• _EXERCISE PROMPT_:
Using the data below, print exactly the line with "Drie filmmakers en", the line with "SC Asset บริษัทอสังหาฯ", and every line between them, but none of the pictures.

(Stored entries)
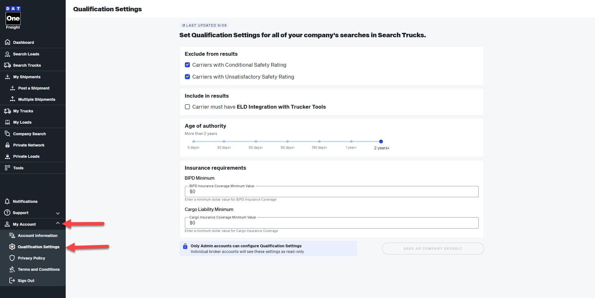 Admins can create and manage Qualification Settings, which can then be applied across the DAT ecosystem by all users on the account.
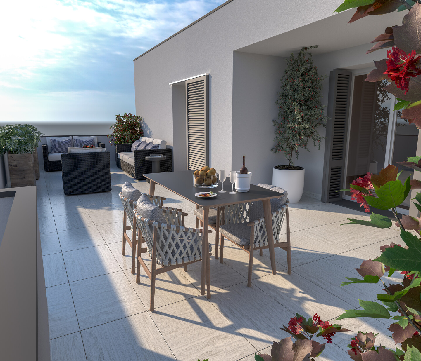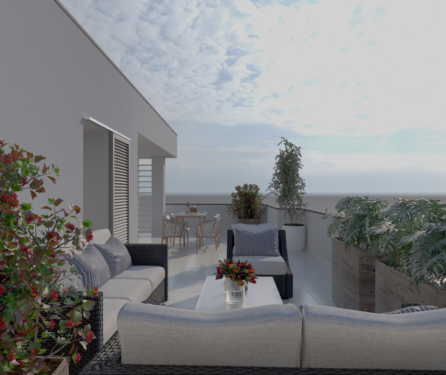 LOTTO 2 Appartamento 15 sito al terzo ed ultimo piano con quadri affaccio, composto da ampio soggiorno con cucina a vista ed affaccio su splendido terrazzo dove poter organizzare aperitivi e bbq con amici nelle calde serate estive, disimpegno zona notte, 1 camera matrimoniale con affaccio sull’ampio terrazzo, 1 camera doppia ed una terza camera con affaccio su ulteriore balcone, due bagni entrambi finestrati, 1 stanza cabina armadio.
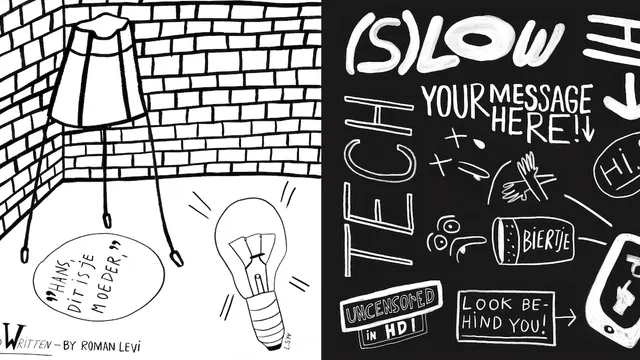 Drie filmmakers en één grafisch ontwerper bedachten zelf waar deze producten voor dienen en baseerden hier hun advertenties op. De grafische reclame voor Roman Levi zie je hierboven. Weten wat je echt met deze producten kunt doen? Dorst interviewt de productontwerpers op de DDW.
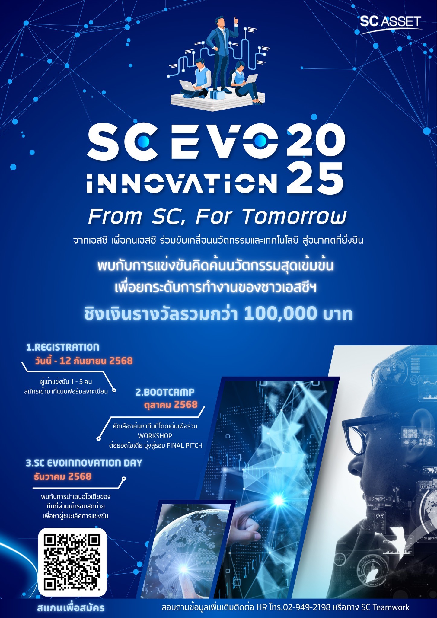 SC Asset บริษัทอสังหาฯ ที่มุ่งสร้างคุณค่าภายใต้แนวคิดการเติบโตควบคู่ไปกับความยั่งยืนเดินหน้ายกระดับศักยภาพบุคลากรทุกระดับในองค์กร เปิดตัวกลยุทธ์ SC EVO Innovation 2025 ภายใต้แนวคิด “From SC, For Tomorrow” เพื่อปลุกพลังพนักงานให้ก้าวสู่บทบาท Digital Innovator อย่างแท้จริง
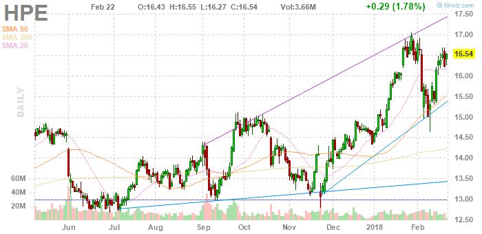 На текущий момент акции Hewlett Packard Enterprise (HPE) котируются по $16,54 (+1,78%)
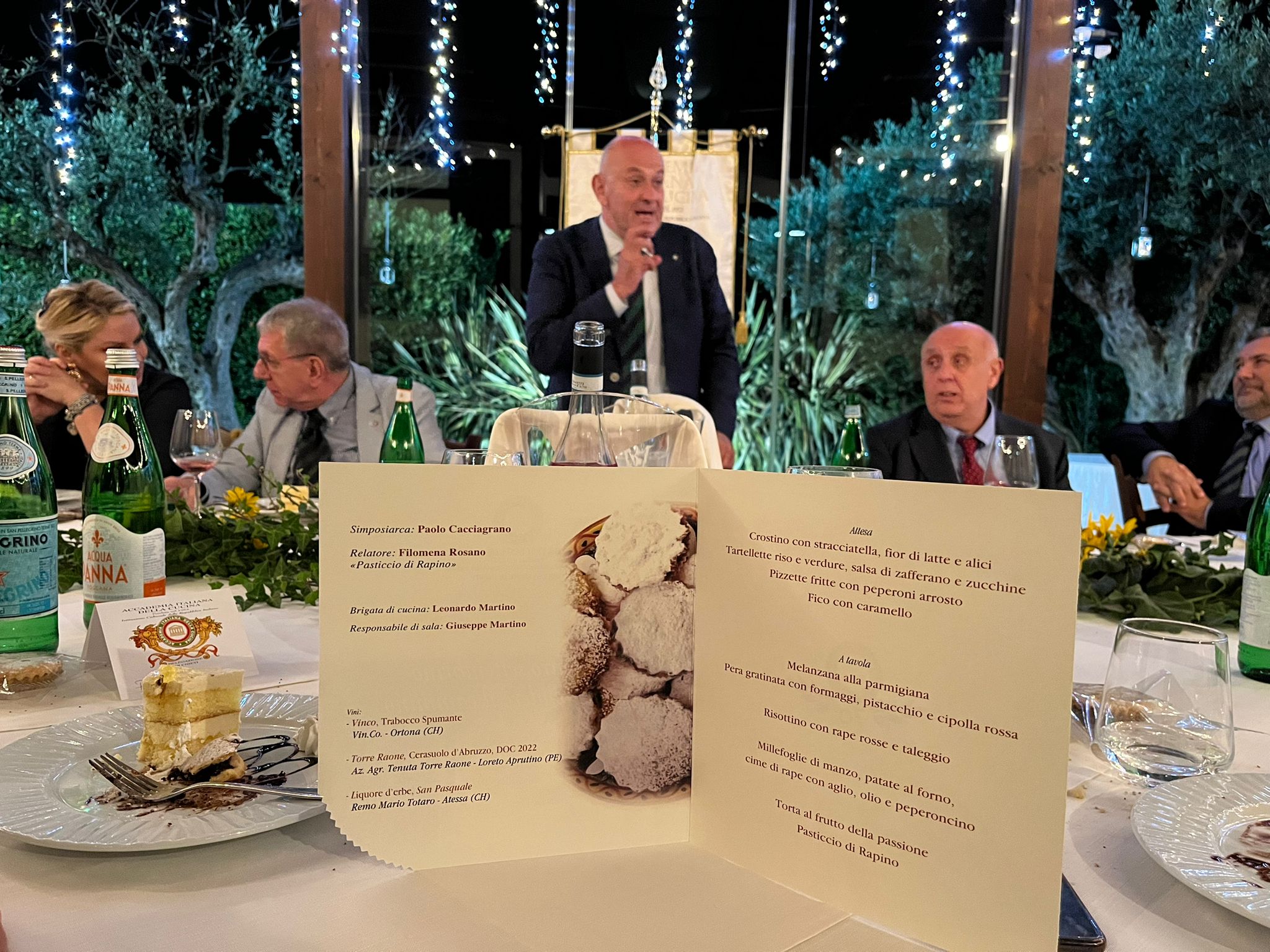 Alla ripresa delle attività accademiche, la Delegazione teatina ha scelto di ripartire da un locale che ha fatto della sua capacità di reinterpretare le tradizioni pedemontane il suo marchio di fabbrica. Il Simposiarca Paolo Cacciagrano, sposando appieno la filosofia dei fratelli Martino del ristorante Il Vignale, ha presentato una riunione conviviale originale che, partendo dagli ingredienti del territorio, ha spaziato in abbinamenti inediti, sapientemente accostati per un menu di grande impatto, visivo e gustativo. La serata è stata anche l'occasione per riscoprire uno dei dolci delle zone interne abruzzesi, il pasticcio di Rapino, presentato da Giustino De Nardis, cultore delle tradizioni rapinesi: un dolce che ha origini costiere e che tramite passaggi di tavola nobiliare in tavola nobiliare ha raggiunto la montagna trasformandosi ma mantenendo il gusto unico della storia.

• _YOUR SOLUTION_:
 Drie filmmakers en één grafisch ontwerper bedachten zelf waar deze producten voor dienen en baseerden hier hun advertenties op. De grafische reclame voor Roman Levi zie je hierboven. Weten wat je echt met deze producten kunt doen? Dorst interviewt de productontwerpers op de DDW.
 SC Asset บริษัทอสังหาฯ ที่มุ่งสร้างคุณค่าภายใต้แนวคิดการเติบโตควบคู่ไปกับความยั่งยืนเดินหน้ายกระดับศักยภาพบุคลากรทุกระดับในองค์กร เปิดตัวกลยุทธ์ SC EVO Innovation 2025 ภายใต้แนวคิด “From SC, For Tomorrow” เพื่อปลุกพลังพนักงานให้ก้าวสู่บทบาท Digital Innovator อย่างแท้จริง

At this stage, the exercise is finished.